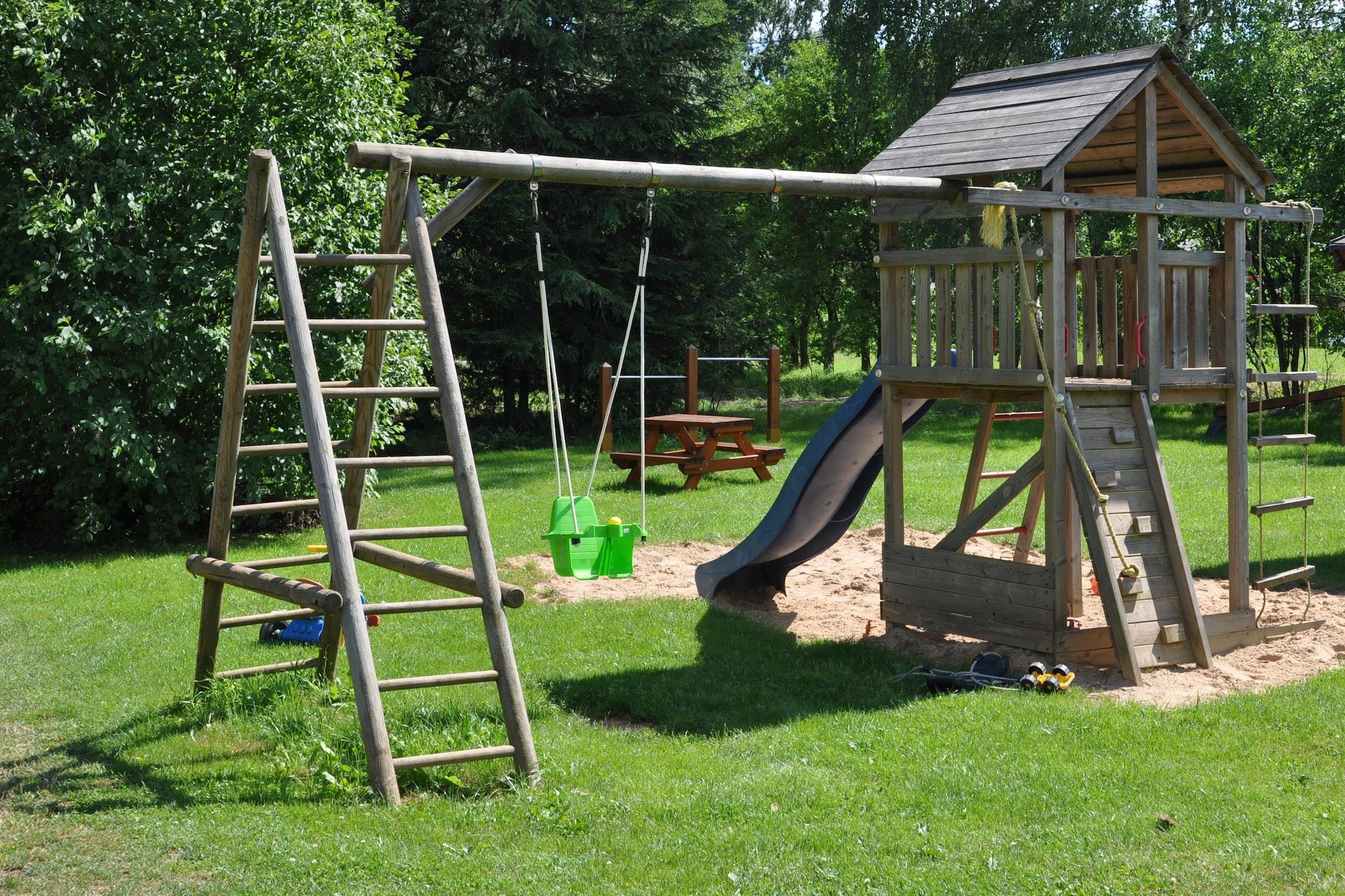 Parterre: (Wohnzimmer(TV(Flatscreen, Satellit, internationale TV-Kanäle), Esstisch(8 Personen), Herd(Holz), Sitzecke, DVD-Spieler, Gartentüren), offene Küche(Wasserkocher, Kochherd(4 Kochplatten, Ceranfeld), Dunstabzugshaube, Kaffeemaschine, Backofen, Mikrowelle, Spülmaschine, Kühl-/Gefrierkombination), Badezimmer(Dusche, Sauna, Waschbecken), Toilette) In der 1. Etage: (Schlafzimmer(Doppelbett(Doppelbettdecke)), Schlafzimmer(2x Einzelbett(Bettdecke)), Schlafzimmer(2x Einzelbett(Bettdecke), Etagenbett), Badezimmer(Badewanne, Dusche, Waschbecken, Toilette)) Freizeitraum(Tischtennisplatte(Gemeinschaftliche Nutzung mit anderen Gästen), Tischfußball(Gemeinschaftliche Nutzung mit anderen Gästen), Billard), Terrasse(alleinige Nutzung), Garten(alleinige Nutzung), Gartenmöbel, Grill, Parkplatz, Trampolin, Pool(Gemeinschaftliche Nutzung mit anderen Gästen, beheizbar, 8 x 4 m.), Sandkasten(Gemeinschaftliche Nutzung mit anderen Gästen), Spielgeräte(Gemeinschaftliche Nutzung mit anderen Gästen), Rutsche(Gemeinschaftliche Nutzung mit anderen Gästen), Fußballtor(Gemeinschaftliche Nutzung mit anderen Gästen), Hochstuhl
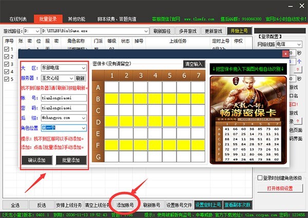 多开与自动登录:支持全功能无限多开,但需谨慎使用,以免被官方封号。具备批量登录、定时上号任务、自动创建角色、自动使用 2888 武圣卡等功能,还能自动上号、掉线重连,可实现 7×24 小时无人值守挂机。
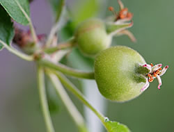Ausdünnen: Um grosse aromatische Äpfel zu bekommen, sollte man nicht immer alle Früchte am Baum belassen. 1 – 2 Äpfel an einem Büschel sind genug. Da sollte es einen nicht reuen, auch wenn man den Baum neu gekauft hat und sich besonders auf die ersten reifen Früchte freut. Es empfiehlt sich, maximal 10 – 12 Früchte pro Meter zu belassen. Die überzähligen Früchte bis spätestens Anfang Juni entfernen.Sommerschnitt: Längere Seitentriebe, sogenannte Ausreisser, schneidet man Ende Juni auf ca. 10 – 15 cm zurück. Zu hoch werdende Bäume kann man etwas einkürzen, indem man den diesjährigen neuen Trieb kurz über dem Ende des letztjährigen Triebabschnitts abschneidet. Auch kranke und abgestorbene Triebe werden entfernt.

**Task details**:
Make a word-for-word repeat of the material, skipping all pictures.

**Your solution**:
 Parterre: (Wohnzimmer(TV(Flatscreen, Satellit, internationale TV-Kanäle), Esstisch(8 Personen), Herd(Holz), Sitzecke, DVD-Spieler, Gartentüren), offene Küche(Wasserkocher, Kochherd(4 Kochplatten, Ceranfeld), Dunstabzugshaube, Kaffeemaschine, Backofen, Mikrowelle, Spülmaschine, Kühl-/Gefrierkombination), Badezimmer(Dusche, Sauna, Waschbecken), Toilette) In der 1. Etage: (Schlafzimmer(Doppelbett(Doppelbettdecke)), Schlafzimmer(2x Einzelbett(Bettdecke)), Schlafzimmer(2x Einzelbett(Bettdecke), Etagenbett), Badezimmer(Badewanne, Dusche, Waschbecken, Toilette)) Freizeitraum(Tischtennisplatte(Gemeinschaftliche Nutzung mit anderen Gästen), Tischfußball(Gemeinschaftliche Nutzung mit anderen Gästen), Billard), Terrasse(alleinige Nutzung), Garten(alleinige Nutzung), Gartenmöbel, Grill, Parkplatz, Trampolin, Pool(Gemeinschaftliche Nutzung mit anderen Gästen, beheizbar, 8 x 4 m.), Sandkasten(Gemeinschaftliche Nutzung mit anderen Gästen), Spielgeräte(Gemeinschaftliche Nutzung mit anderen Gästen), Rutsche(Gemeinschaftliche Nutzung mit anderen Gästen), Fußballtor(Gemeinschaftliche Nutzung mit anderen Gästen), Hochstuhl
 多开与自动登录:支持全功能无限多开,但需谨慎使用,以免被官方封号。具备批量登录、定时上号任务、自动创建角色、自动使用 2888 武圣卡等功能,还能自动上号、掉线重连,可实现 7×24 小时无人值守挂机。
Ausdünnen: Um grosse aromatische Äpfel zu bekommen, sollte man nicht immer alle Früchte am Baum belassen. 1 – 2 Äpfel an einem Büschel sind genug. Da sollte es einen nicht reuen, auch wenn man den Baum neu gekauft hat und sich besonders auf die ersten reifen Früchte freut. Es empfiehlt sich, maximal 10 – 12 Früchte pro Meter zu belassen. Die überzähligen Früchte bis spätestens Anfang Juni entfernen.Sommerschnitt: Längere Seitentriebe, sogenannte Ausreisser, schneidet man Ende Juni auf ca. 10 – 15 cm zurück. Zu hoch werdende Bäume kann man etwas einkürzen, indem man den diesjährigen neuen Trieb kurz über dem Ende des letztjährigen Triebabschnitts abschneidet. Auch kranke und abgestorbene Triebe werden entfernt.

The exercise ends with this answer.